A Facebook IPO has been viewed as a 'defining moment' for the latest web investing boom.
Facebook is expected to make its debut on the market with revenues of more than four billion dollars, making it bigger than Yahoo, the report said.
The company has not been forthcoming about the details of the IPO with Facebook spokesman Larry Yu saying "We're not going to participate in speculation about an IPO."
The report said Facebook will be required to make its financial information public by April, because the company will cross the 500-shareholder limit by the end of this year.
The SEC requires companies with more than 500 shareholders to publicly disclose its financial information.
If Facebook publishes its financial information next year without an IPO, it would not be advantageous to the company since it would have 'most of the liability that comes with being a public company, but lose out on the fundraising benefits of a public offering.'
While talks of a Facebook IPO have been doing the rounds for some years now, Zuckerberg had earlier this month said going public 'is not something I spend a lot of time on a day-to-day basis thinking about.'
The Harvard dropout and billionaire CEO had said the key priority for his company is to get the 'best engineers and designers and talented people around the world.'
"We have made this implicit promise to our investors and to our employees that by compensating them with equity and by giving them equity, that at some point we are going to make that equity worth something publicly and liquidly, in a liquid way.
"Now, the promise isn't that we're going to do it on any kind of short-term time horizon."
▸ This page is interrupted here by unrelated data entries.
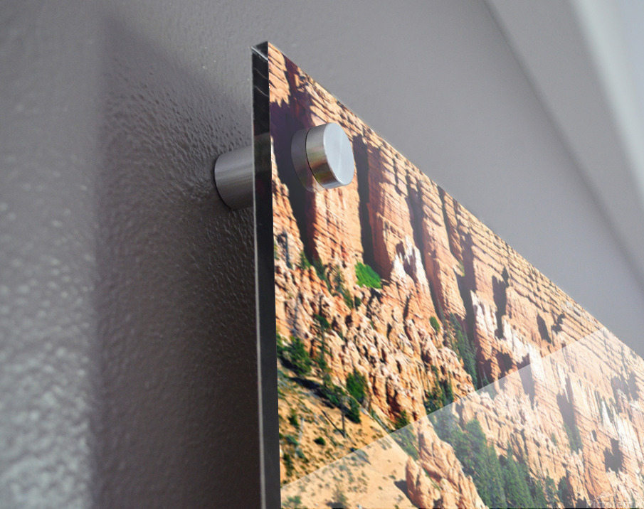 Impression sur acrylique avec entretoises ( cylindres métalliques )
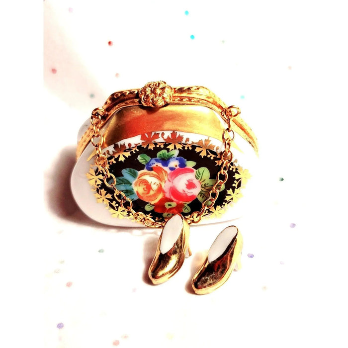 Discover the exquisite Antique Orange Floral Purse Box, a captivating Limoges box that embodies timeless elegance and artistry, making it the perfect decorative piece for your collection or a thoughtful gift. This authentic piece from France beautifully replicates a vintage purse, adorned with a stunning antique floral pattern in vibrant shades of orange.
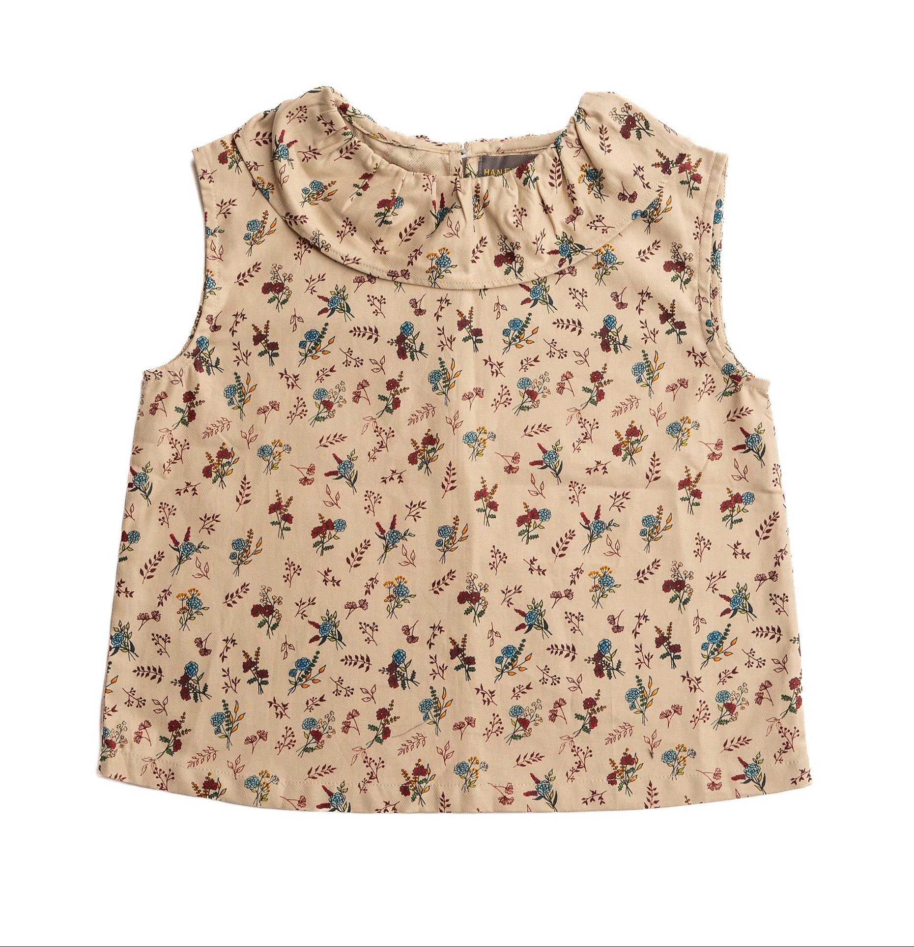 Sleeveless top with floral print and a nice collar. Button closure at the neck.
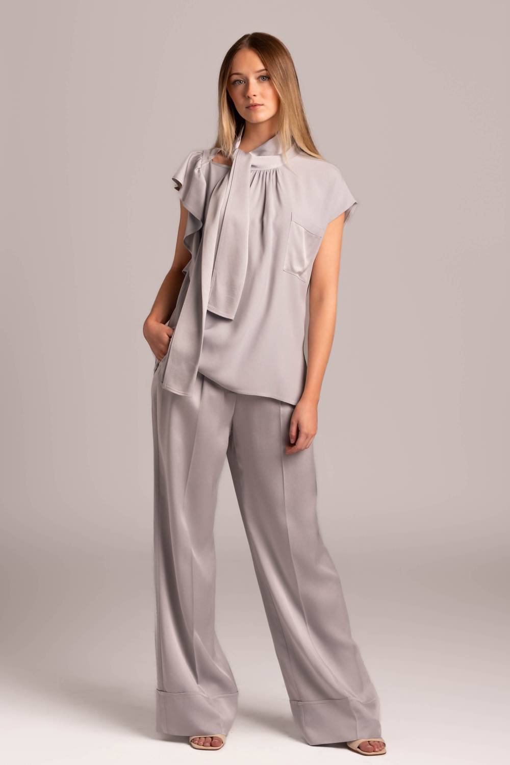 Elevate your vacation wardrobe with the Flowy Trouser Pant With Seam by Beatrice .b, presented in a serene Moonstruck hue. These high-rise, wide-leg trousers offer a relaxed fit and a solid pattern, ideal for pairing with the matching Tie Blouse. Designed with practical features such as an elastic waistband and pockets, they encapsulate the "Quiet Luxury" trend perfectly suited for Spring. Care for these elegant trousers by hand washing and laying them flat to dry.
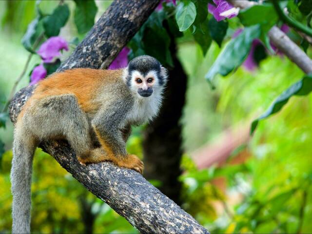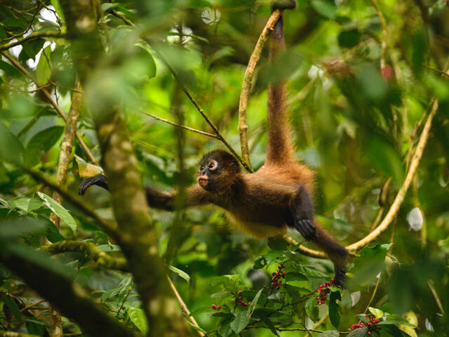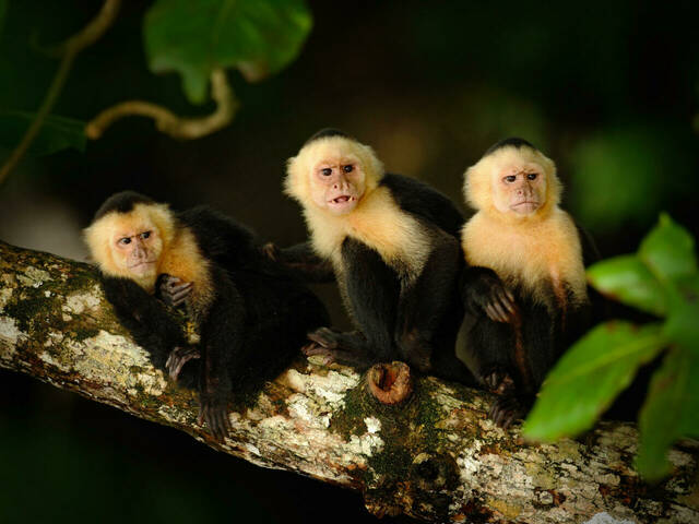 White-headed Capuchin, Cebus capucinus, black monkey sitting on the tree branch in the dark tropic forest, animal in the nature habitat, wildlife of Costa Rica

Recent IPOs by major companies like Groupon and LinkedIn have so far not yielded the desired and satisfactory results.
Groupon plummeted 42 per cent in price in the past five trading days while LinkedIn has fallen 36 per cent from its first trading day in May.
The WSJ report said only 13 IPOs have so far been completed with a value greater than $10 billion, and just three of those have been for US -- Visa at $19.7 billion in 2008, General Motors at $18.1 billion in 2010 and AT&T at $10.6 billion in 2000.
A Facebook offering of $10 billion would be the largest IPO by any technology or Internet company.
The largest US Internet IPO, which was the $1.9 billion sale in 2004 by Google and which valued the Internet giant at $23 billion, ranks number 3 among global Internet IPOs.